Have you tried adjusting the size of xwindow?

lucasastro commented 1 week ago

No I have not adjusted the size of xwindow - is there a standard it should take for G395H?

This is the S3 ecf. It may have something to do with the S1 and S2 settings, which I have included for good measure. I tried getting the NIRSpec G395H settings from the documentation but perhaps it is still off - I don't know where to begin troubleshooting this. Tomorrow I will start afresh from S1, but if something obvious that needs changing stands out, this would be good to know.

S1_k2-18.ecf.txt S2_k2-18.ecf.txt S3_k2-18.ecf.txt

taylorbell57 commented 1 week ago

I agree with Kevin that this is likely not a bug with Eureka but more likely an issue with how you have setup you ECF. I recommend you look carefully at all of your plots and ECF settings to try to troubleshoot the issue yourself. I recommend you set isplots_S3 to 5 and nplots to 5 so that you get several useful troubleshooting plots. And to help you understand the ECF settings, please take a look at our documentation at https://eurekadocs.readthedocs.io/en/latest/ecf.html. For example, your Figure 3301 figures (see an example at https://eurekadocs.readthedocs.io/en/latest/outputs.html#stage-3-outputs) will partially help you identify whether there are any columns where there is no star (which would cause the centroiding to fail). You can also use a tool like DS9 to view the FITS files to help you choose reasonable parameters.

It isn't clear to me whether you're working with NRS1 or NRS2 data from NIRSpec, but you do need to work separately with each of those detectors since they will need separate ECF values. For example, I usually set ywindow to [0,32] for both detectors but set xwindow to [520,2047] for NRS1 and [5,2047] for NRS2.

lucasastro commented 1 week ago

OK this is helpful. Thanks, I will provide feedback on this issue on the progress.

lucasastro commented 5 days ago

This has worked out for me so far, thanks. Stage 1 is still a problem; keeps taking too much time and aborting, suspect it has something to do with my ECF settings, for now I will work with JWST pipeline S1 outputs and return to this issue / start a new one if really needed.
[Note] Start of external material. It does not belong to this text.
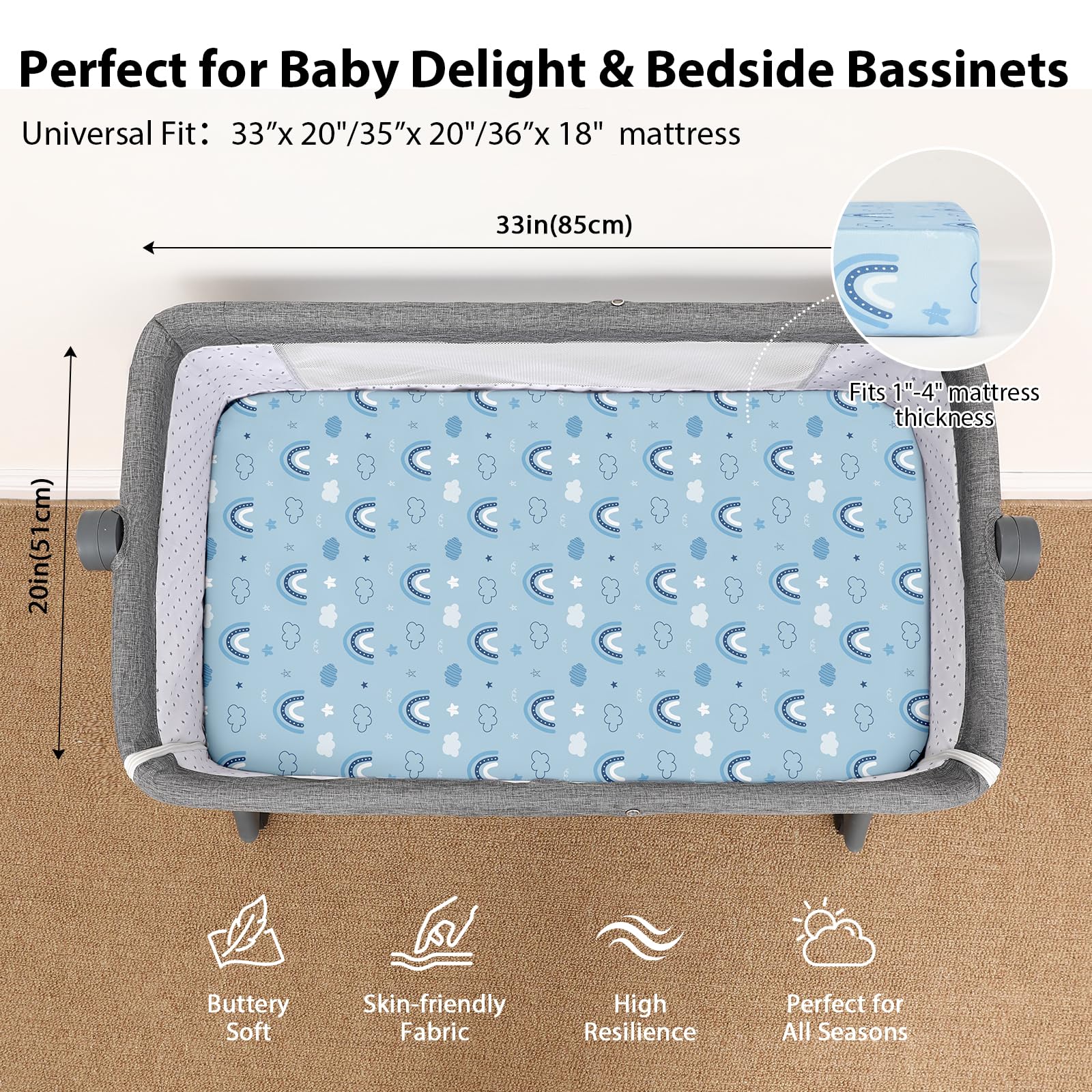 Nursery Essentials: Choose from a variety of bassinet sheets, featuring cute prints and bright colors to bring life to your nursery. You can create a cozy, warm, and harmonious sleep space that nurtures your child’s dreams and growth.

taylorbell57 commented 5 days ago

Glad to hear it! My strong suspicion is that your computer has insufficient RAM to run Stage 1 on the NIRSpec data. With my old computer, I would encounter similar issues, but now that I have 64 GB of RAM in my new computer I almost never encounter this issue. One thing you could try is allocating more swap memory which uses some of your hard drive storage like a kind of very slow virtual RAM when you've overloaded you physical RAM. I recently had to do that myself, but the process to do that is very platform dependent and not something I can support you in doing, nor can I guarantee it'd solve your problem; but it is a free option which might be worth pursuing. If you do confirm that the issue is with excessive RAM usage (using a tool like top, htop, or Activity Monitor), there's nothing that we can do on our end since the "issue" is with the jwst pipeline and not ours. You could open an issue (or add your voice to an already existing issue) on their repository here if you wanted.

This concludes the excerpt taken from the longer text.